Benefits of aligning OSNs include but not limited to the followings. (a) Providing an united environment for users to easily keep up-to-date with friends’ online activities [22]. (b) Achieving better user modeling by aggregating action histories [25]. (c) Alleviating cold-start problem in recommender system by borrowing data from aligned networks [1, 16]. (d) Providing prerequisite information for cross-network behavior analysis [12].

There are platforms trying to recover the alignment by having users manually associate their accounts, e.g. About.MeFootnote 1. However, not all users understand the benefits and do it willingly.

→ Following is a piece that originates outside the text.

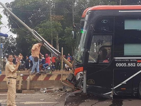 Sau đó, chiếc xe tiếp tục tông gẫy cột điện cao áp. Cuối cùng, chiếc xe gặp nạn dừng lại khi tông tiếp vào dải phân cách cứng bằng bê tông. Vụ tai nạn đã khiến hàng chục hành khách trên xe được một phen hoảng loạn, nhưng rất may đã không có thiệt hại về người.

It is preferred if we recover the alignment automatically by mining accessible information. Attempts are made by employing information such as username [14], user profile (email, location, education) [16, 19] and social tie [21]. Due to the task’s recency, limitations still exist (summarized in Table 1):

Table 1. Summary of existing approaches

Generality: Limitations on target users implicitly exist in username-based and profile-based approaches. They target only at users with same/similar usernames and users with complete profile respectively. There are also works target at specific types of networks, e.g. tagging system [9] and location-based networks [10]. Besides, most works assume all users participate in both networks (full mapping assumption), i.e. the set of common users is known as prior knowledge. However, mining this information itself is not a trival task.

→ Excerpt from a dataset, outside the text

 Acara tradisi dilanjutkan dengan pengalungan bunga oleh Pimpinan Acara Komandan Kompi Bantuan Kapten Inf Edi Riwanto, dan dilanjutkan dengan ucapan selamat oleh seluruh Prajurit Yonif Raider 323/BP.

Learning Method: Beside rule-based methods, supervised learning is widely used in existing works. However, acquiring enough training data for real OSNs (10 %-30 % according to existing experiments) is impractical.

Scalability Footnote 2 : For real OSN applications, scalability must be achieved. However, only few existing works discuss this issue. By detailed analysis, several works have theoretical time complexity of over \(O(N^2)\) thus not scalable for OSN scale.

In this paper, we propose BASS, a bootstrapping approach that is freed from aforementioned limitations. It captures user consistencies of usernames, social ties and preferences jointly. To model the consistencies, partial alignment is required as pre-knowledge. Instead of using training data as in traditional approaches, we model the alignment as unobserved latent variables and employ EM-fashioned algorithm for the learning, leading to an unsupervised approach. For scalability, we achieve time complexity of \(O(ND^2)\), which can be considered as linear to the size of the network. Detailed comparisons are listed in Table 1.

Note that aligning social networks will not result in privacy leak. The alignment is recovered using only public available information user revealed in OSNs. In other word, such alignment already exists online just not explicitly revealed yet. For users who don’t want to be aligned, understanding how their identities got revealed can be the guidance for future actions to prevent it.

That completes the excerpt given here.